Arg2: fffff9564061b010, Pointer to DC
Arg3: fffff9564b2e5b00, Pointer to SURFACE
Arg4: fffff95646d48130, Pointer to REGION
Before copying pixels, the kernel does some sanity checking – are the pixels there in the first place? Here, they are not. The visible region determined by zzzBltValidBits() cannot be found on the surface and rather than copying garbage, it dumps core.
In short, I made the kernel copy pixels which aren’t there. How could this happen?
The obvious first step is reducing my program to a minimal reproducable sample. But this isn’t possible here: I collected the first crash dump on 2020-10-24. Then I ran the program about a thousand times(!) and nothing happened. The second dump was written a week later, on 2020-10-31.

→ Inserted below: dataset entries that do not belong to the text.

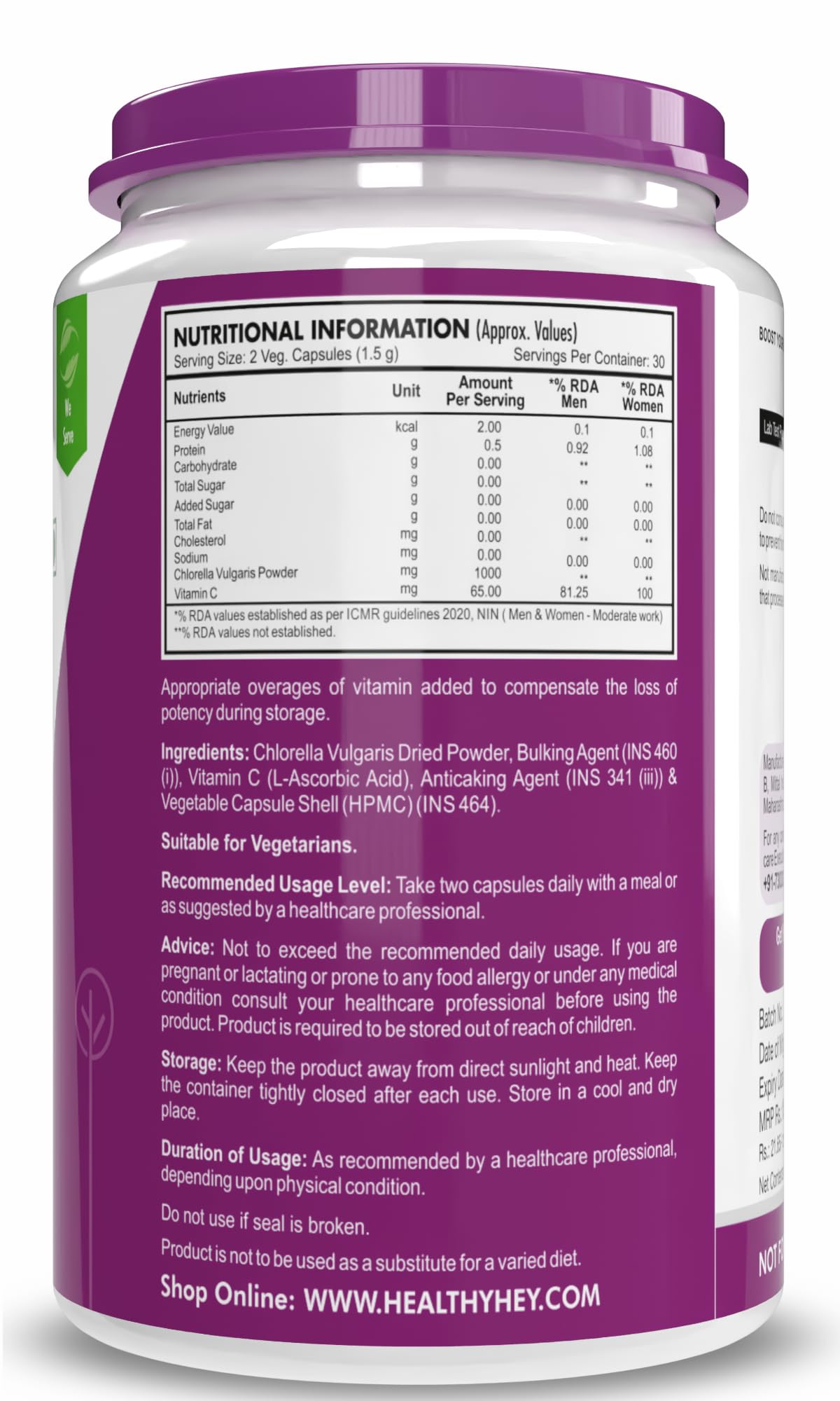 HealthyHey Nutrition Chlorella Vulgaris - 1065mg per serving - 60 Vegetable Capsules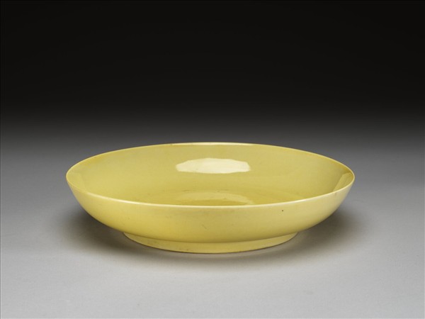 敞口,淺壁弧形,矮圈足。胎質較薄,器內外壁滿施嬌黃釉,盤底純白,樸素無紋飾。底有青花書「大明弘治年製」六字二行楷款,外加雙圈。
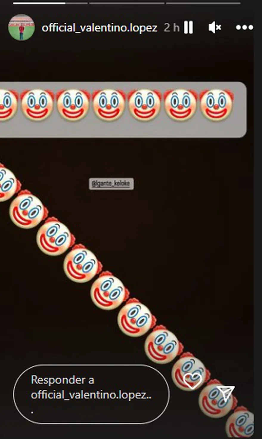 Alrededor de las 17 de la Argentina, el joven compartió una historia que llenó de emojis de payasos y etiquetó la cuenta oficial de Elián Valenzuela, mejor conocido como L-Gante.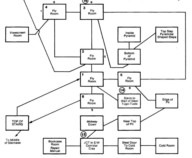The dotted lines indicate “magic word” connections. (The other two “words” are TUGO-TUSTA and TAKA<->LEVA. On the latter, I am unclear how you’re supposed to say an arrow symbol out loud, but that is exactly what you need to type for the teleport to work.) You’ll notice the magic words are essentially optional, except for that after taking the one-way trip from the Catwalks to the Fly Room area you’ll need a magic word to get back.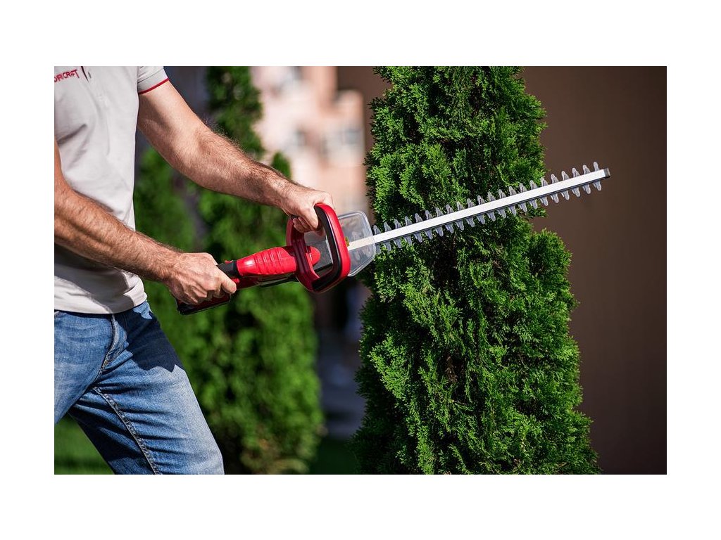 Akumulátorové nožnice Worcraft CHT-S20LiA sú určené výlučne na strihanie živých plotov, kríkov a krovín. Nožnice s lištou dlhou 51 cm disponujú dĺžkou zuba 20 mm. Preto je pred použitím akumulátorových nožníc potrebné odstrihnúť všetky vetvy s priemerom väčším než 20 mm nožnicami na konáre! Výkonné nožnice pracujú rýchlosťou 1200 otáčok za minútu. Nožnice sú vybavené protišmykovou rúčkou, ktorá zaisťuje pevné a pohodlné uchopenie. Bezpečnostná čepeľ má zaoblené boky pre zníženie nebezpečenstva poranenia. Dodatočná ochrana proti nárazom zabráni nepríjemnému spätnému rázu, keď sa čepeľ dostane do styku s múrom alebo plotom. Nožnice sa nabijú za 1 - 1,5 hodiny. Akumulátor a nabíjačka nie sú súčasťou balenia!
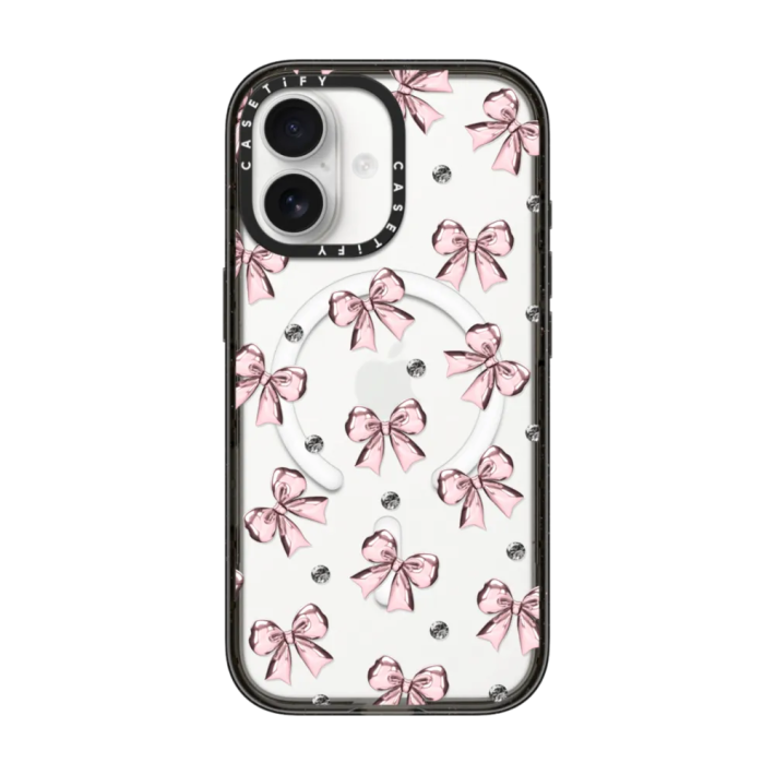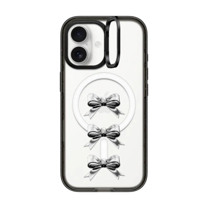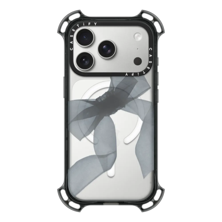 CASETiFYから発売の、大きな黒いリボンが目を引くiPhone 17 Pro用ケースです。リボンが付いていることで、シンプルながらも大人っぽく上品な雰囲気を演出してくれます。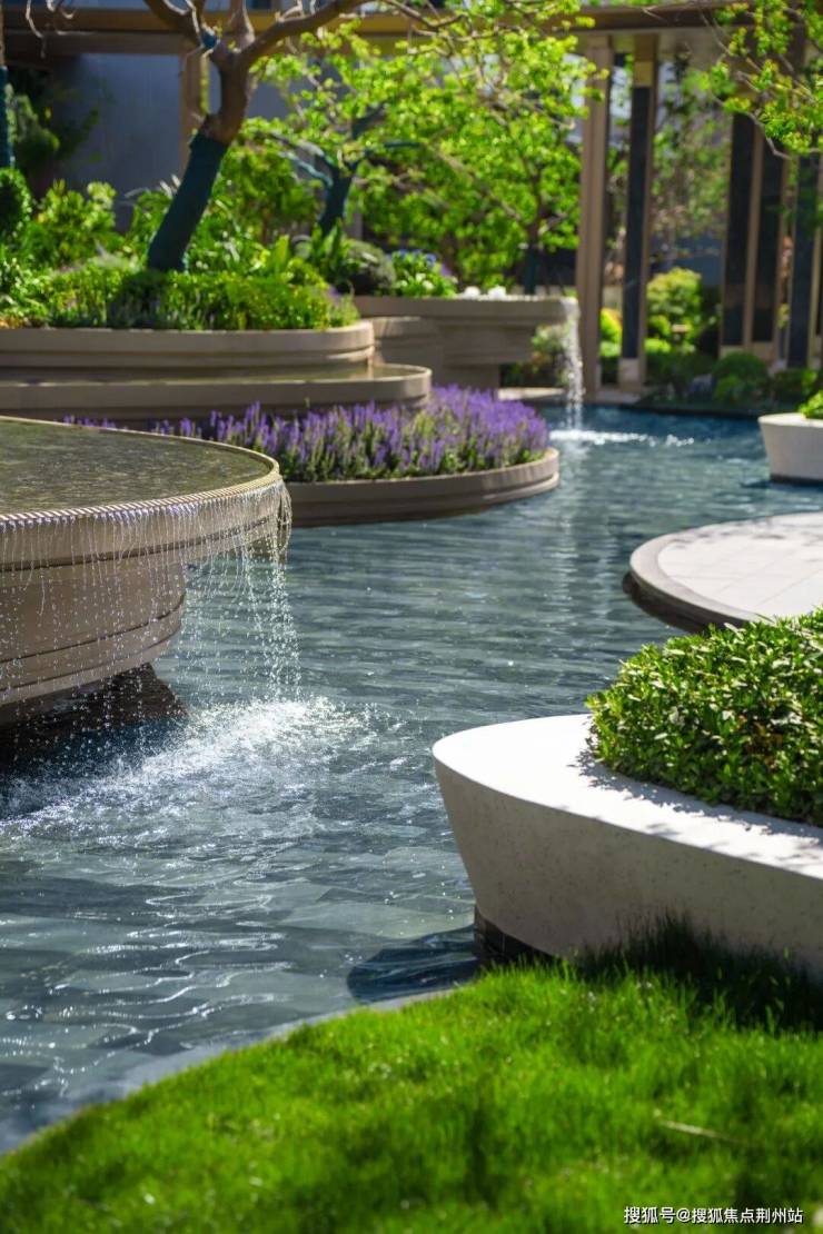 它以自然的曲线勾勒出国际流行的无边际设计,镜面水景台阶以层层退台设计消弭池岸边界,营造出如梦如幻的“悬浮之境”。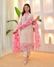 White pink Embroidery Work suit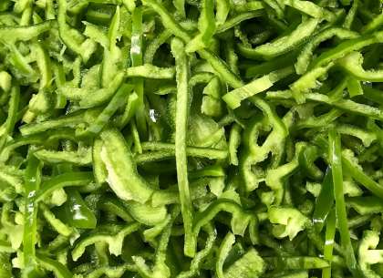 今日の「鶏肉のごまだれ焼き」には、ピーマンと玉ねぎが入っています。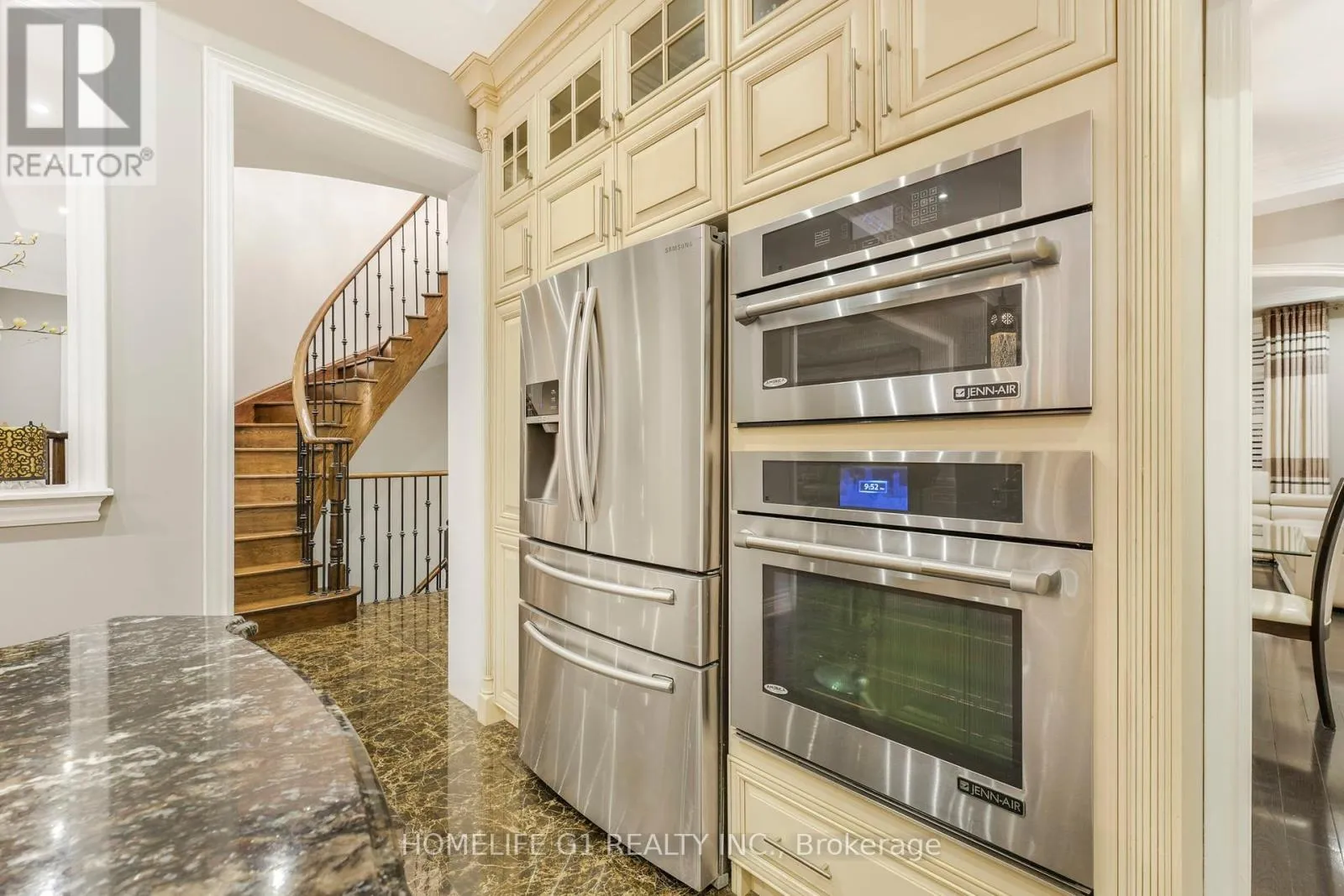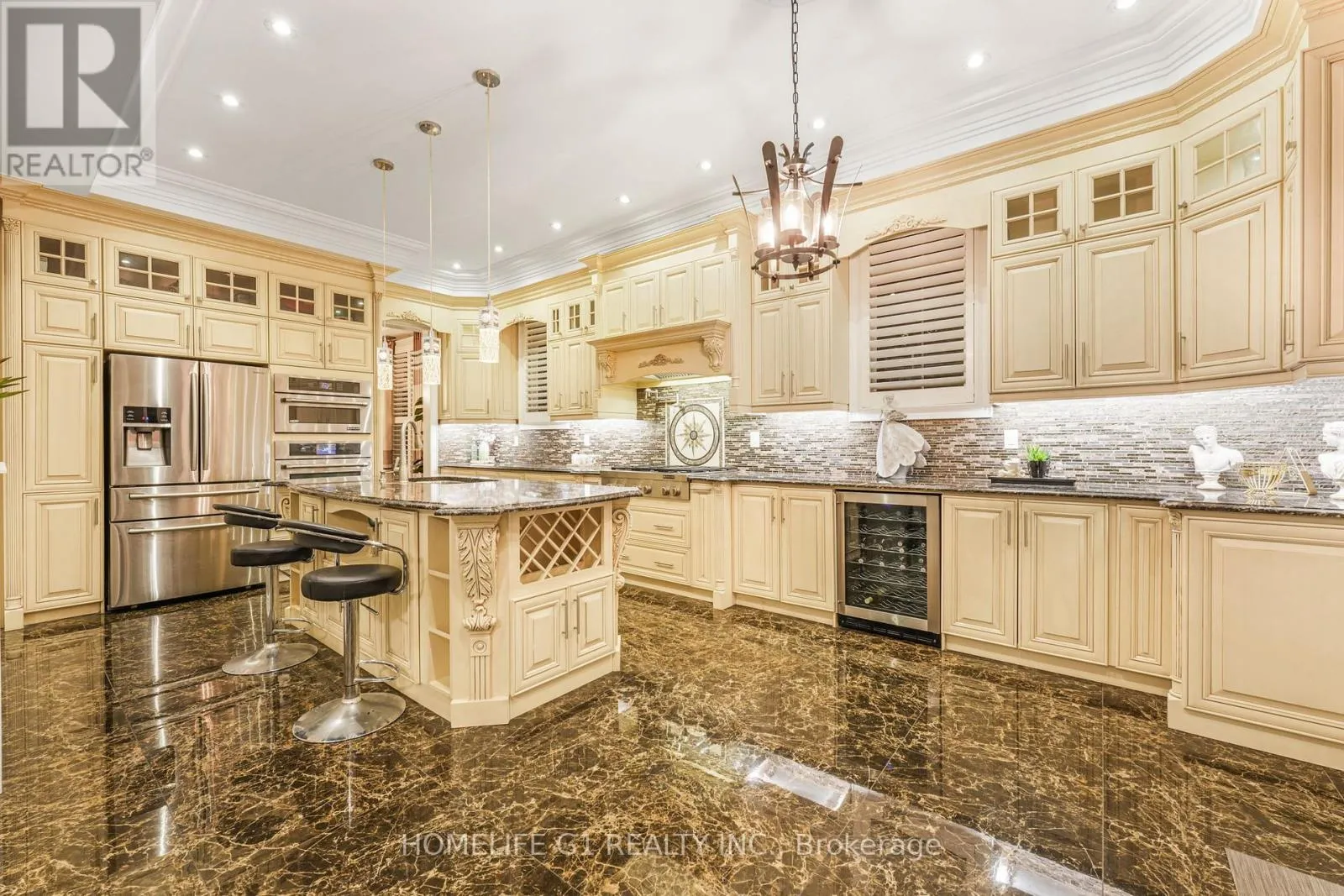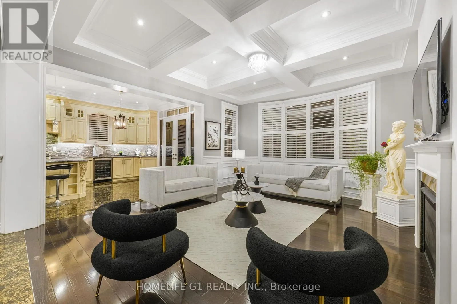 Ninth Line/Reeves Way Welcome to this extraordinary executive home, perfectly situated on a premium cul-de-sac in the Prairewood enclave built by Sorbara. Offering 5,200 sq. ft. of exquisitely finished living space, this residence blends timeless elegance with thoughtful upgrades, creating the perfect setting for both comfortable family living and effortless entertaining. The exterior makes a striking first impression with a professionally manicured lawn, upgraded porch, interlocking stone driveway and walkway, and a full 6-zone in-ground sprinkler system** that keeps the property lush and green. Inside, the main floor boasts smooth ceilings throughout and an impressive 10-foot coffered ceiling, creating an open and airy feel. A dedicated office/library with a powder room offers a quiet space for work or study. The chef-inspired kitchen is a true showpiece, featuring crown moldings, upgraded cabinetry, a 6-burner gas cooktop with marble backsplash and pot filler, Jenn-Air built-in appliances (microwave, oven, dishwasher), a wine cellar, and a large island perfect for gatherings and entertaining. Upstairs, youll find 9-foot ceilings, five generously sized bedrooms, and three beautifully designed bathrooms, including a luxurious primary suite. The finished basement with 9-foot ceilings is an entertainers dream, complete with two additional rooms, a full bathroom, a second full kitchen, and a built-in theatre system perfect for hosting guests or creating a private retreat for extended family. Outdoor living is elevated with a covered deck featuring tile flooring, providing an incredible space to host friends and family. The backyard is professionally landscaped and designed to impress. Additional highlights include California shutters throughout, a 2-car garage, 51-foot frontage, and end-of-street privacy a rare combination that delivers both curb appeal and tranquility. This exceptional home truly has it all. You have to see this property to appreciate everything it offers! (id:27476)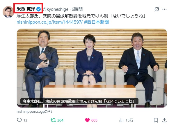 米重氏本人はオリジナルコメントなしですが「冒頭解散無し」に同意が無ければリポストしないでしょうからね。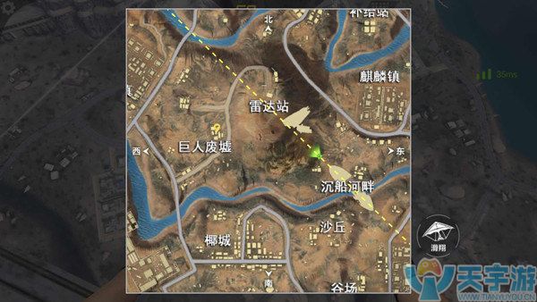 首先确认自己飞机的航线,观察大体图确认自己最终要降落的地方,在CF荒岛特训中,我们的滑翔伞具有良好的飞行效果,这样让我们可以有较大的落地选择空间,而我们选择地方要满足这几点: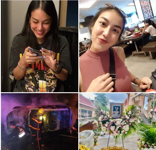 Vụ tai nạn xe hơi xảy ra hôm 26/9 tại Ayutthaya. Theo Khaosod, thời điểm lực lượng cứu hộ tiếp cận hiện trường, xe của nữ người mẫu đã bốc cháy dữ dội. Cơ quan chức năng chỉ có thể phun bọt giảm nhiệt để tránh nổ.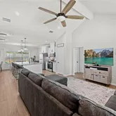 open living and dining areas create a seamless flow and inviting atmosphere. Step outside to enjoy a generous backyard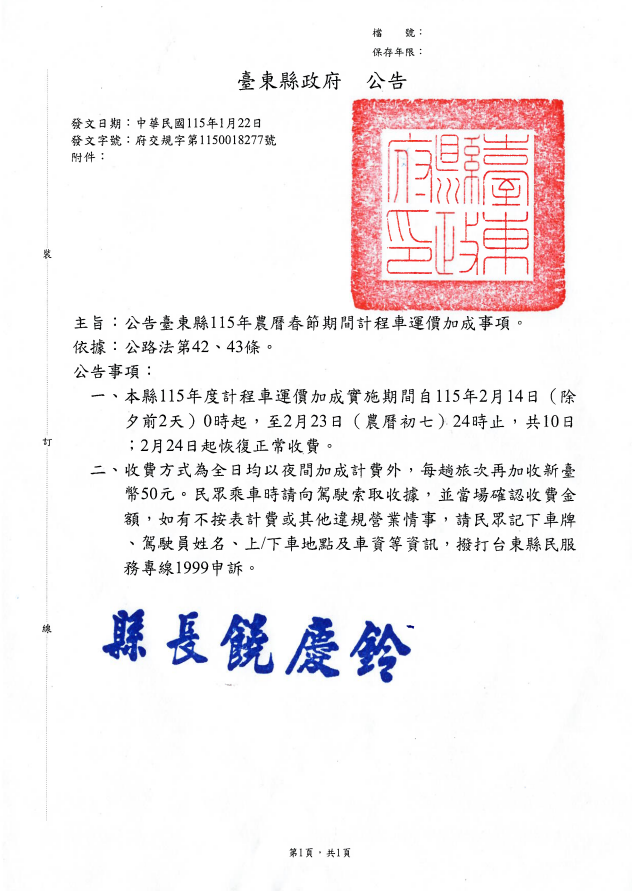 • /檢送 臺東縣115年度春節期間計程車運價加成實施期間公告1 份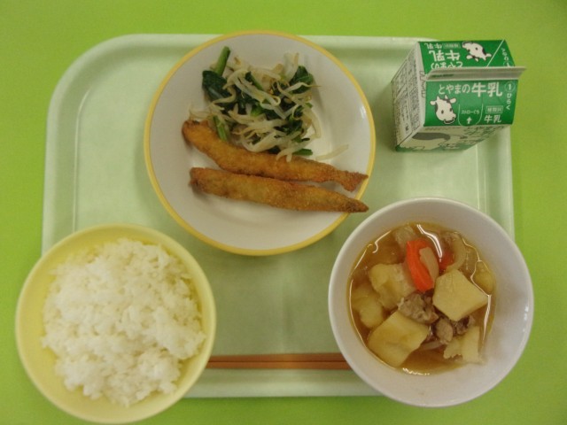 ごはん 牛乳 ししゃもフライ しょうがひたし 肉じゃが

I tried to find out what exactly was causing the error, but the dump does not include user-mode information, as can be seen by
Kernel Bitmap Dump File: Kernel address space is available, User address space may not be available. when windbg opens the dump.
I wanted to make
DbgkWerCaptureLiveKernelDump() collect user-mode information, but instead I found
the following culprit:
Clearly the code is trying to avoid generating too many Live Kernel Reports and thus has put some arbitrary deadline in the future for the next time a dump may be written. I searched but could not find a way to bypass this (i.e. a, “no, please do wear out my SSD and fill my drive, I don’t care!” flag) but alas did not find one. This dashed any and all hopes I had for using this as a testing mechanism in the lab.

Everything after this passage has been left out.